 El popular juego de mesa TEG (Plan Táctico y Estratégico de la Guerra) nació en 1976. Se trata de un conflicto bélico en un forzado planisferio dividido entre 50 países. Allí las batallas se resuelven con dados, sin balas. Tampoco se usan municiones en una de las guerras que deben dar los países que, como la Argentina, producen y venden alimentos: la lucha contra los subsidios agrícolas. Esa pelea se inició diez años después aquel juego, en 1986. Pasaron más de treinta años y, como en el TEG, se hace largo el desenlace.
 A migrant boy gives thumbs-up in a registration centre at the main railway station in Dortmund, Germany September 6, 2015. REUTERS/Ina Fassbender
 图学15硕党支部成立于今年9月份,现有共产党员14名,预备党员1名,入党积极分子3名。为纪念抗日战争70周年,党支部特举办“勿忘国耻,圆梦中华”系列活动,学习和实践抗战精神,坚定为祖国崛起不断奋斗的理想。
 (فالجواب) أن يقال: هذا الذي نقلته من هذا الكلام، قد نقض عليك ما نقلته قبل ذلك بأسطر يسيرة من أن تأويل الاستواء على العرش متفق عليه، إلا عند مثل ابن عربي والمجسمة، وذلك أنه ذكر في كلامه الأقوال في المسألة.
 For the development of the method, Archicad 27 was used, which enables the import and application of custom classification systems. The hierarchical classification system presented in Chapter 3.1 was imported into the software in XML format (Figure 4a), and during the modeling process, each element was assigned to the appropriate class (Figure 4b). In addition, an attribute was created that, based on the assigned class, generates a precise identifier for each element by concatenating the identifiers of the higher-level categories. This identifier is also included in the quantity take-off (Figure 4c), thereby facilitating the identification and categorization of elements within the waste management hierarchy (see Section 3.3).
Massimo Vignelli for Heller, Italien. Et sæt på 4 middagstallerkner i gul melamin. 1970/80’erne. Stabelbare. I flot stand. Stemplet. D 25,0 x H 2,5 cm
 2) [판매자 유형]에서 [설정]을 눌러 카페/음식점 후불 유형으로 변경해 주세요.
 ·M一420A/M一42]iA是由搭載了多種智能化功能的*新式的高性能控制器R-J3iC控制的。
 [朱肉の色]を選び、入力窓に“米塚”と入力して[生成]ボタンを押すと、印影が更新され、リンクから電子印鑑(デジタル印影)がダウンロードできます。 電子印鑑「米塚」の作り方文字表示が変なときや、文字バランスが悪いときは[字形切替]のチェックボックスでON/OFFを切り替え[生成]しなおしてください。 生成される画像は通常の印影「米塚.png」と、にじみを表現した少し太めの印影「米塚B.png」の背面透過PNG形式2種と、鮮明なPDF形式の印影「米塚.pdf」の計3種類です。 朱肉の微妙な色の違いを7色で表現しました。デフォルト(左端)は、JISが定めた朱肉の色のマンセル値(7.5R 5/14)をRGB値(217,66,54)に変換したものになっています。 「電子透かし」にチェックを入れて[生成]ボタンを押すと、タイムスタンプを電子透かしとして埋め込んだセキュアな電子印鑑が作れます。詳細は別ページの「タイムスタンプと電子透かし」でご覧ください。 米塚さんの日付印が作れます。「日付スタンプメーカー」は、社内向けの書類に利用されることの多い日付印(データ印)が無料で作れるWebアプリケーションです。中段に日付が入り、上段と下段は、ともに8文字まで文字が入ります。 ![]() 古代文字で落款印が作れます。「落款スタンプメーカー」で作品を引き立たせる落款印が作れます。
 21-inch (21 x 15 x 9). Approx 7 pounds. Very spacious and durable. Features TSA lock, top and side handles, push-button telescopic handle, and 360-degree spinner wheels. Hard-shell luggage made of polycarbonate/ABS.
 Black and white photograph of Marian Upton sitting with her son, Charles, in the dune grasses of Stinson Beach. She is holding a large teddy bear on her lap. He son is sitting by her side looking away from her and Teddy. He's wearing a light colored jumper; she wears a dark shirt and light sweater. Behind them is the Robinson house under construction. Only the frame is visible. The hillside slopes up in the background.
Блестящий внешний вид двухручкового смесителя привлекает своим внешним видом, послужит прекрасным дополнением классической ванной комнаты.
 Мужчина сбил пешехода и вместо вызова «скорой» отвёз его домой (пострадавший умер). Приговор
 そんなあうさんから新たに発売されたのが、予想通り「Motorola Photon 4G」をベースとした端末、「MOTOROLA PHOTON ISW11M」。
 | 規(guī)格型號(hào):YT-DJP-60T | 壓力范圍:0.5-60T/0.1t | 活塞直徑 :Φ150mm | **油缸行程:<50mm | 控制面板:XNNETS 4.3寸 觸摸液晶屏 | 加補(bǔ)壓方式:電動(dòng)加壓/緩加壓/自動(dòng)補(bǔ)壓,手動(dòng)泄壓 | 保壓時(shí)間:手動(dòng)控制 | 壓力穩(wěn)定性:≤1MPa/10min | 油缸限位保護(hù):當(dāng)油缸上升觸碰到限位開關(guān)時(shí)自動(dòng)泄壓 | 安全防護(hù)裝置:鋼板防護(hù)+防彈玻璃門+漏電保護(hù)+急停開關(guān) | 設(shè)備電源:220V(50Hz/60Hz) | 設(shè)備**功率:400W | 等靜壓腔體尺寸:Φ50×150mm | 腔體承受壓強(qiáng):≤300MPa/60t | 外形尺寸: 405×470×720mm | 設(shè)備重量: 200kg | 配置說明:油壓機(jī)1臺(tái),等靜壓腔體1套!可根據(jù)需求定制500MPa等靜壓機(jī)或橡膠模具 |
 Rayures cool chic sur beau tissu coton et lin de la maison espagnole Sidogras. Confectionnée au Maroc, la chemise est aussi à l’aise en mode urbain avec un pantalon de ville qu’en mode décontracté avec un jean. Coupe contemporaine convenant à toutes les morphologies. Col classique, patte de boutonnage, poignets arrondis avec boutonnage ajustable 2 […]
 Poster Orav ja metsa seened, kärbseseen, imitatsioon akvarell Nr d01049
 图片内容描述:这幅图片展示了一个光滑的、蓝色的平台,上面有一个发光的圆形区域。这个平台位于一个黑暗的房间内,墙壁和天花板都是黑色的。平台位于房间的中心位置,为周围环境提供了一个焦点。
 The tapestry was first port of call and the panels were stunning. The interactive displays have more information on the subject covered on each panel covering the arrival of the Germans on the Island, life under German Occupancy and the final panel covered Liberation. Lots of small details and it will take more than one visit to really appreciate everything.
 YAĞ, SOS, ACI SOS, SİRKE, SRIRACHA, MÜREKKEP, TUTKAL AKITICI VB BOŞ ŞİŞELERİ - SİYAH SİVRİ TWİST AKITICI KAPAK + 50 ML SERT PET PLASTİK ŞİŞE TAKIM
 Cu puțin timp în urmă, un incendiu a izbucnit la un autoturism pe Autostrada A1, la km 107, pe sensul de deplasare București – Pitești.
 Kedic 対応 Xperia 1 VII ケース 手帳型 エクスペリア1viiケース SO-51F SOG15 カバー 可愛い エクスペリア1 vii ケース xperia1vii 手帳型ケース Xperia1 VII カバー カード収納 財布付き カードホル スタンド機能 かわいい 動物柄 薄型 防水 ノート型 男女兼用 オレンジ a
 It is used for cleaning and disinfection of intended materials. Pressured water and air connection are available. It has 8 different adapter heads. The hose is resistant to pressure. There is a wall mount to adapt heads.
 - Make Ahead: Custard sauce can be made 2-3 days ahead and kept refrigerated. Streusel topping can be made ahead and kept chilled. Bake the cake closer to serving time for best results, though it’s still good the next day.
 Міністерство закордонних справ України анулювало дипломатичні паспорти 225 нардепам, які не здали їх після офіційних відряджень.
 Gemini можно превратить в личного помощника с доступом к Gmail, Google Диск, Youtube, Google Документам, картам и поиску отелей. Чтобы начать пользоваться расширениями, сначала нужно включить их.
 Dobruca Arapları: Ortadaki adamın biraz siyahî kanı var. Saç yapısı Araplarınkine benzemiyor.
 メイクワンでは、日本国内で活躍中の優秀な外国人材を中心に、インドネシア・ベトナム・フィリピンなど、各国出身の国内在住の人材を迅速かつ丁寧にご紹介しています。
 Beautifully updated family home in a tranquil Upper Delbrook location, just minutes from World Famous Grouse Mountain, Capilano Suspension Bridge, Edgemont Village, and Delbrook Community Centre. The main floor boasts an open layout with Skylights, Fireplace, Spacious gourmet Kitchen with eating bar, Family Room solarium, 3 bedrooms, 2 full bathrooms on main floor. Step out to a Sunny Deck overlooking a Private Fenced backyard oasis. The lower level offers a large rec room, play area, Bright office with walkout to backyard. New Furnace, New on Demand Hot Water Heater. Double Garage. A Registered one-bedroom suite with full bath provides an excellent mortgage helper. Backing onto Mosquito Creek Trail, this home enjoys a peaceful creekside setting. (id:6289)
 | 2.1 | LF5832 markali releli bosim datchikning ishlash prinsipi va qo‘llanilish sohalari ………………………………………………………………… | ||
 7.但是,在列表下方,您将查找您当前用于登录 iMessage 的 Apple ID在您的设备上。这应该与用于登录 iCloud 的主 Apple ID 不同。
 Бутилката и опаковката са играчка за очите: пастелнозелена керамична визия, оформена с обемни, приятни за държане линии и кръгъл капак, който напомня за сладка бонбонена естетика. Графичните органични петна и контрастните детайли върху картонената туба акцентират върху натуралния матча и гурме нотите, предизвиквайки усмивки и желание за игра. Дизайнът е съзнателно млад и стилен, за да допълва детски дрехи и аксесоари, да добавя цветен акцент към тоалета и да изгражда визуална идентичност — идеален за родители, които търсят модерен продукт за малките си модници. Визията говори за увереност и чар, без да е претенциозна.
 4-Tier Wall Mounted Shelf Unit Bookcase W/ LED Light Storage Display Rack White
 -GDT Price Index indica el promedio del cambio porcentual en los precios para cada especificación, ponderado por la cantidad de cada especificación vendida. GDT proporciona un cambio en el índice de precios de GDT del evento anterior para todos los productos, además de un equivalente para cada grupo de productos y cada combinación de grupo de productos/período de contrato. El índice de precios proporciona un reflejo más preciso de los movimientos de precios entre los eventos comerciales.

**TASK OBJECTIVE:**
Find the word "made" in the entries above, then copy each line that holds it.

**RESPONSE TO THIS TASK:**
 21-inch (21 x 15 x 9). Approx 7 pounds. Very spacious and durable. Features TSA lock, top and side handles, push-button telescopic handle, and 360-degree spinner wheels. Hard-shell luggage made of polycarbonate/ABS.
 - Make Ahead: Custard sauce can be made 2-3 days ahead and kept refrigerated. Streusel topping can be made ahead and kept chilled. Bake the cake closer to serving time for best results, though it’s still good the next day.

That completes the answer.